为了实现优先级继承,线程并不需要知道它持有锁的所有等待者,只需要知道其中优先级最高那一个等待即可。例如,当线程B尝试去获取L1时,线程B只需要知道等待L1的最高优先级线程,如果线程B的优先级更高,则需要更新线程A的pi_waiters,如果线程B的优先级是pi_waiters中的最高的,则还需要临时调整线程A的优先级。
Implementation Details
Taking of a mutex
static __always_inline void rtlock_lock(struct rt_mutex_base *rtm)
{
if (unlikely(!rt_mutex_cmpxchg_acquire(rtm, NULL, current)))
rtlock_slowlock(rtm);
}RT-mutex先尝试通过原子指令的快速路径获取锁,如果获取失败则通过慢速路径获取。
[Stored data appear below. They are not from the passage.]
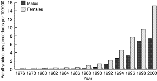 Results: The age-standardised rates of parathyroidectomy for primary hyperparathyroidism in women have increased significantly in Northern Sydney from 0.14 cases per 100 000 in 1976 to 7.7 cases per 100 000 in 1996 (P < 0.001). In NSW there has been an increase in parathyroidectomy rates in women from 5.1 cases per 100 000 in 1993 to 12.3 cases per 100 000 in 1998 (P < 0.001). Osteoporosis was the most common overall indication for surgery in Northern Sydney, accounting for 27% of all cases. The proportion of cases presenting with osteoporosis increased significantly from 4% in 1962–1980 to 34% over the past decade (P < 0.001).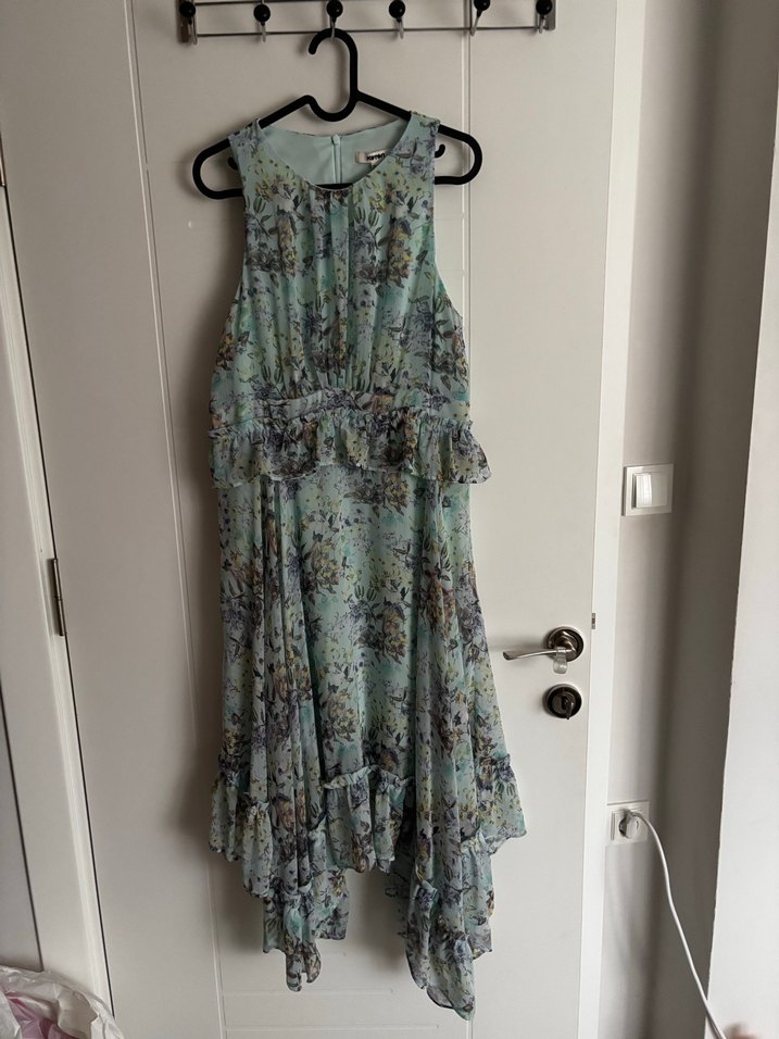 Turkuaz renkte, kolsuz ve yüksek yakalı bu elbise, bol kesim ve fırfır detaylarıyla dikkat çeker. Yumuşak sentetik kumaştan yapılmış, pastel tonlarda batik desenlidir.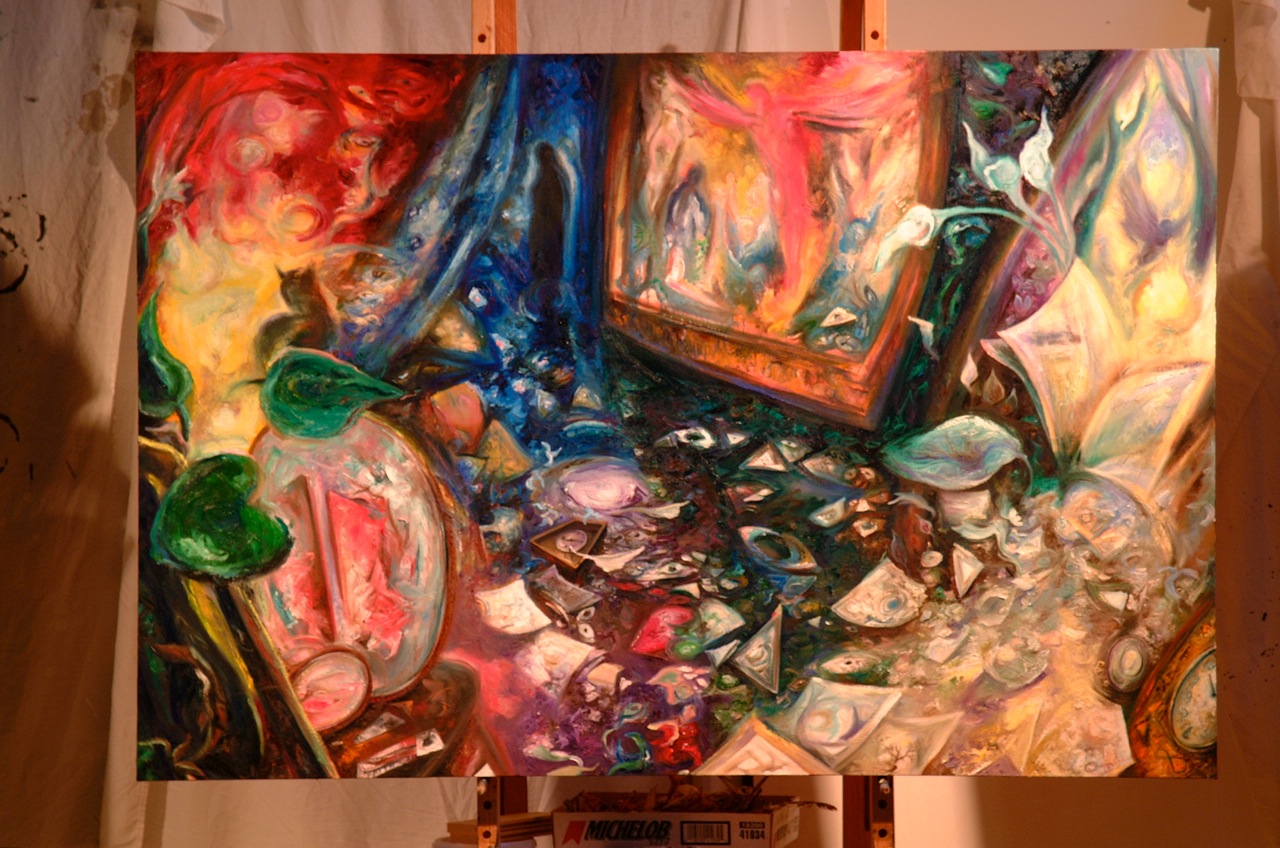 “The symbolism within the painting is a dialogue that emerges with each stroke of the brush. As I paint, layers are unveiled. Each discovery leads to another and another. Some things that end up on the canvas are conscious and others are a result of simply allowing myself to paint and to let the dialogue emerge. It is a dance that sometimes feels very fragile, and other times is so rich as to be joyous.”

慢速路径的获取和释放都需要获取wait_lock并且关中断。
static __always_inline void __sched rtlock_slowlock(struct rt_mutex_base *lock)
{
unsigned long flags;
raw_spin_lock_irqsave(&lock->wait_lock, flags);
rtlock_slowlock_locked(lock);
raw_spin_unlock_irqrestore(&lock->wait_lock, flags);
}static void __sched rtlock_slowlock_locked(struct rt_mutex_base *lock)
{
struct rt_mutex_waiter waiter;
struct task_struct *owner;
lockdep_assert_held(&lock->wait_lock);
if (try_to_take_rt_mutex(lock, current, NULL))
return;
rt_mutex_init_rtlock_waiter(&waiter);
/* Save current state and set state to TASK_RTLOCK_WAIT */
current_save_and_set_rtlock_wait_state();
trace_contention_begin(lock, LCB_F_RT);
task_blocks_on_rt_mutex(lock, &waiter, current, NULL, RT_MUTEX_MIN_CHAINWALK);
for (;;) {
/* Try to acquire the lock again */
if (try_to_take_rt_mutex(lock, current, &waiter))
break;
if (&waiter == rt_mutex_top_waiter(lock))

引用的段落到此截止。